### EXCERPTED DATA
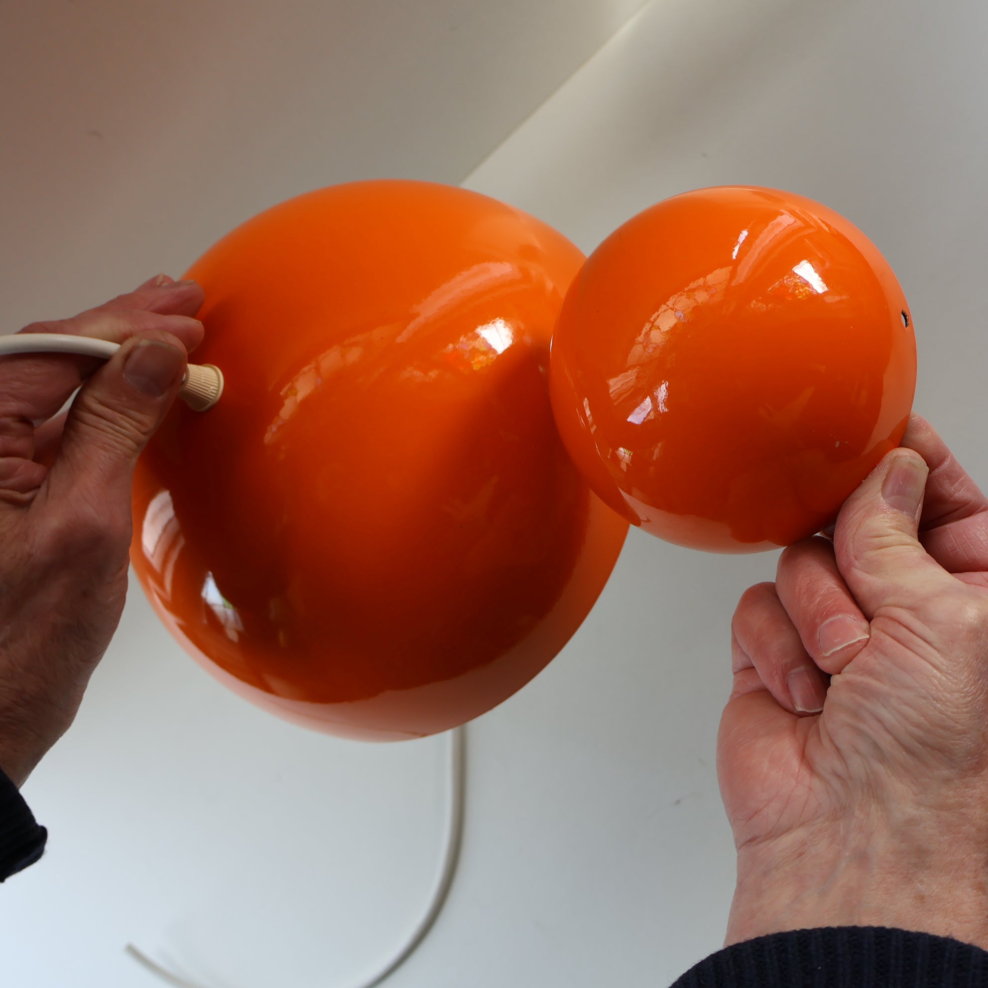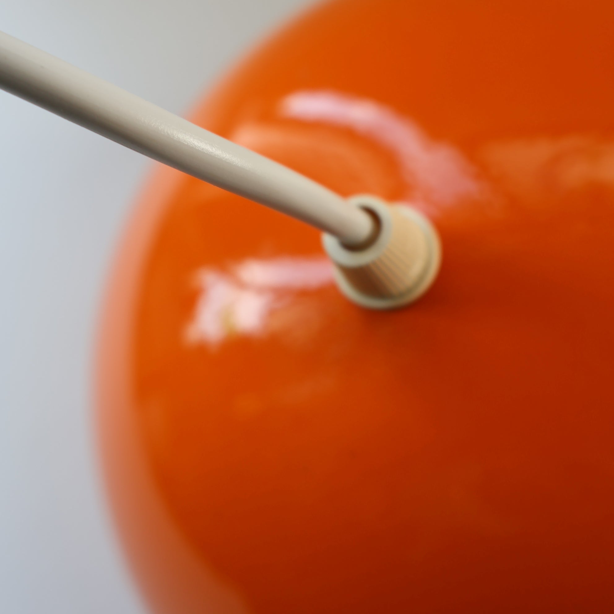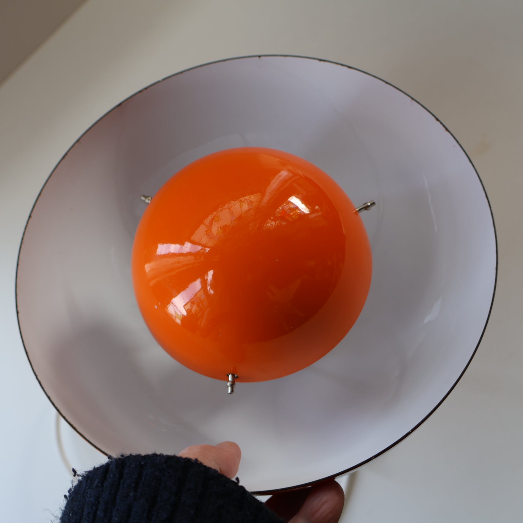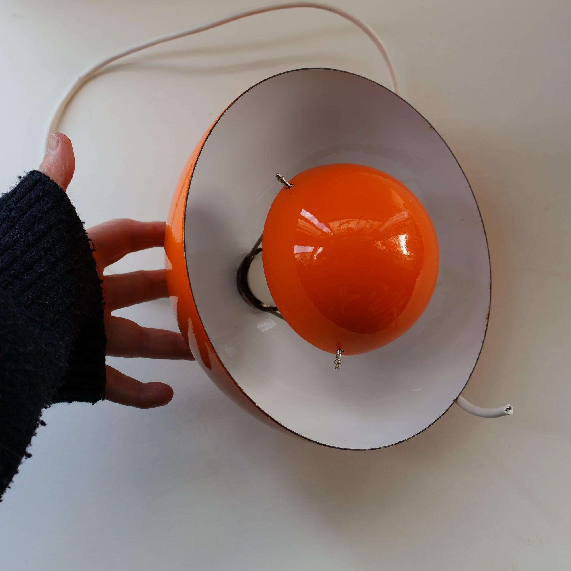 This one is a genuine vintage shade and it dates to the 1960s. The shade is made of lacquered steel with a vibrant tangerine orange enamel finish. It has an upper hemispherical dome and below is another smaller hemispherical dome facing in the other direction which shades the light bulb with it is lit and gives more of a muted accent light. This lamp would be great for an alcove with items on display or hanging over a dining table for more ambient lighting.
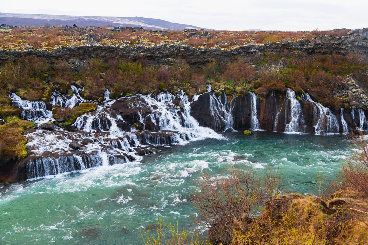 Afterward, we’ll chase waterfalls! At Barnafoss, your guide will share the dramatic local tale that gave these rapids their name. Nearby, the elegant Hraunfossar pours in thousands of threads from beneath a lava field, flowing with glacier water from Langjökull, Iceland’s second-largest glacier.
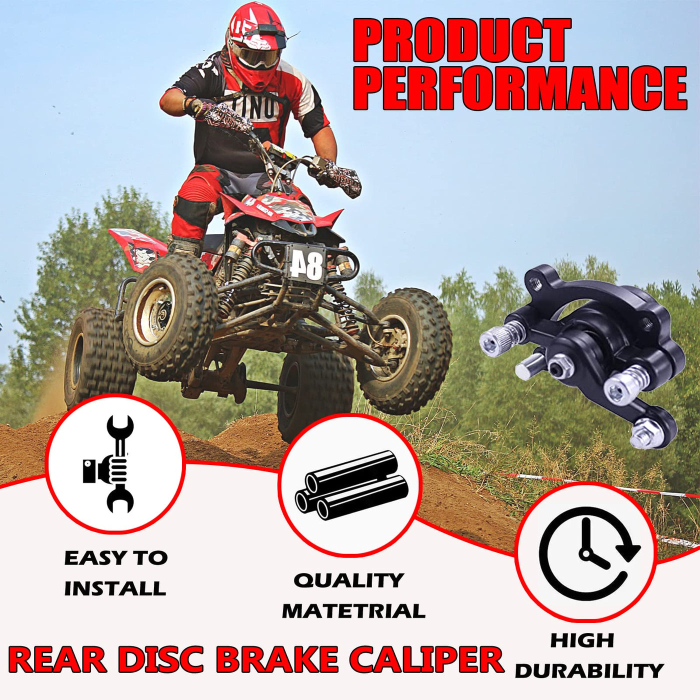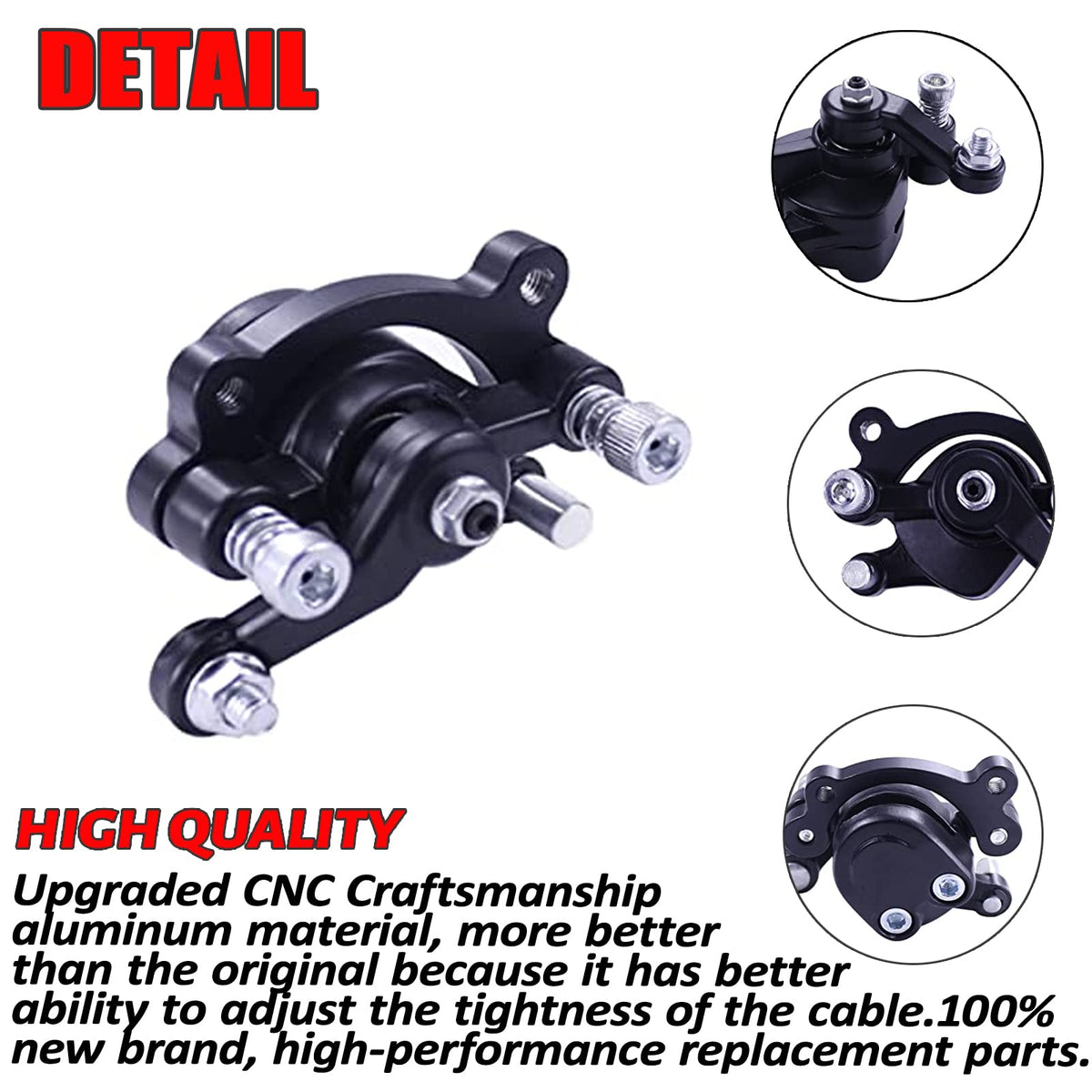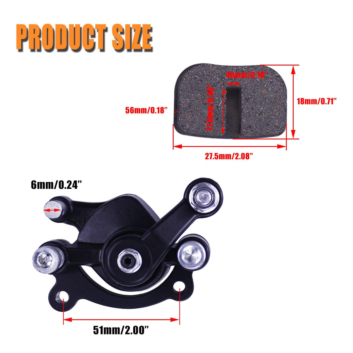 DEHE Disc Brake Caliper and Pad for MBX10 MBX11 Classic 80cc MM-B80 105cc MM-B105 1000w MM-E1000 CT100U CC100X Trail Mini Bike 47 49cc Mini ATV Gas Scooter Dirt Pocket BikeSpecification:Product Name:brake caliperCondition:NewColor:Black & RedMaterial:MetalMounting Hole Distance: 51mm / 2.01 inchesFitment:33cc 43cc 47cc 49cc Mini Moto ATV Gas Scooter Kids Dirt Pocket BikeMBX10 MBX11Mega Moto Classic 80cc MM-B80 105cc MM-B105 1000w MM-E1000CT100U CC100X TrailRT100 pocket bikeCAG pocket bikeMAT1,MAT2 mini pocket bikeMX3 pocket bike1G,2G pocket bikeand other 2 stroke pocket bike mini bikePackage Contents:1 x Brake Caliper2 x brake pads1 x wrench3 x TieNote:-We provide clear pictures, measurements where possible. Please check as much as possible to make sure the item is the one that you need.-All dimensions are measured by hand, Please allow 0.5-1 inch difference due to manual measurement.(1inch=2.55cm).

--

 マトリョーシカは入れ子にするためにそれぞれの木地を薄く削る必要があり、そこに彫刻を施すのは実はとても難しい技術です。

...

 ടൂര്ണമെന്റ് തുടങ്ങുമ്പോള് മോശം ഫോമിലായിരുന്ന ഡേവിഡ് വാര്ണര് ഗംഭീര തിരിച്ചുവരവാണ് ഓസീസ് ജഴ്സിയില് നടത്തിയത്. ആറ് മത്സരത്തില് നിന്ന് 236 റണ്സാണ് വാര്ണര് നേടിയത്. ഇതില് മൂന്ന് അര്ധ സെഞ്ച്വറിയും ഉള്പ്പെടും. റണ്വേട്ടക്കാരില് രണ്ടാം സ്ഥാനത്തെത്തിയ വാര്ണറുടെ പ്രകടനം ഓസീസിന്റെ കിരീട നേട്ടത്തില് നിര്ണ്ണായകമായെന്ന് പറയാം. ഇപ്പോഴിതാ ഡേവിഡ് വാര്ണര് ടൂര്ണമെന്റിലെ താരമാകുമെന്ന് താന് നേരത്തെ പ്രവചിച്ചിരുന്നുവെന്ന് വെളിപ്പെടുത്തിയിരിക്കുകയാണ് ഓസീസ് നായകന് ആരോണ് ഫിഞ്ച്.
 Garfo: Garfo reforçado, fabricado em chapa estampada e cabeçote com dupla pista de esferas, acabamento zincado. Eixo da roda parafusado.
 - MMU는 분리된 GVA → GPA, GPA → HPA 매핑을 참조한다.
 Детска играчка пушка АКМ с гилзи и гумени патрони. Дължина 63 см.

### EXERCISE
From the listing above, repeat exactly the lines starting at the line that includes "ടൂര്ണമെന്റ് തുടങ്ങുമ്പോള് മോശം" and ending at the line that includes "Детска играчка пушка", with nothing outside that span.

### ANSWER BOX
 ടൂര്ണമെന്റ് തുടങ്ങുമ്പോള് മോശം ഫോമിലായിരുന്ന ഡേവിഡ് വാര്ണര് ഗംഭീര തിരിച്ചുവരവാണ് ഓസീസ് ജഴ്സിയില് നടത്തിയത്. ആറ് മത്സരത്തില് നിന്ന് 236 റണ്സാണ് വാര്ണര് നേടിയത്. ഇതില് മൂന്ന് അര്ധ സെഞ്ച്വറിയും ഉള്പ്പെടും. റണ്വേട്ടക്കാരില് രണ്ടാം സ്ഥാനത്തെത്തിയ വാര്ണറുടെ പ്രകടനം ഓസീസിന്റെ കിരീട നേട്ടത്തില് നിര്ണ്ണായകമായെന്ന് പറയാം. ഇപ്പോഴിതാ ഡേവിഡ് വാര്ണര് ടൂര്ണമെന്റിലെ താരമാകുമെന്ന് താന് നേരത്തെ പ്രവചിച്ചിരുന്നുവെന്ന് വെളിപ്പെടുത്തിയിരിക്കുകയാണ് ഓസീസ് നായകന് ആരോണ് ഫിഞ്ച്.
 Garfo: Garfo reforçado, fabricado em chapa estampada e cabeçote com dupla pista de esferas, acabamento zincado. Eixo da roda parafusado.
 - MMU는 분리된 GVA → GPA, GPA → HPA 매핑을 참조한다.
 Детска играчка пушка АКМ с гилзи и гумени патрони. Дължина 63 см.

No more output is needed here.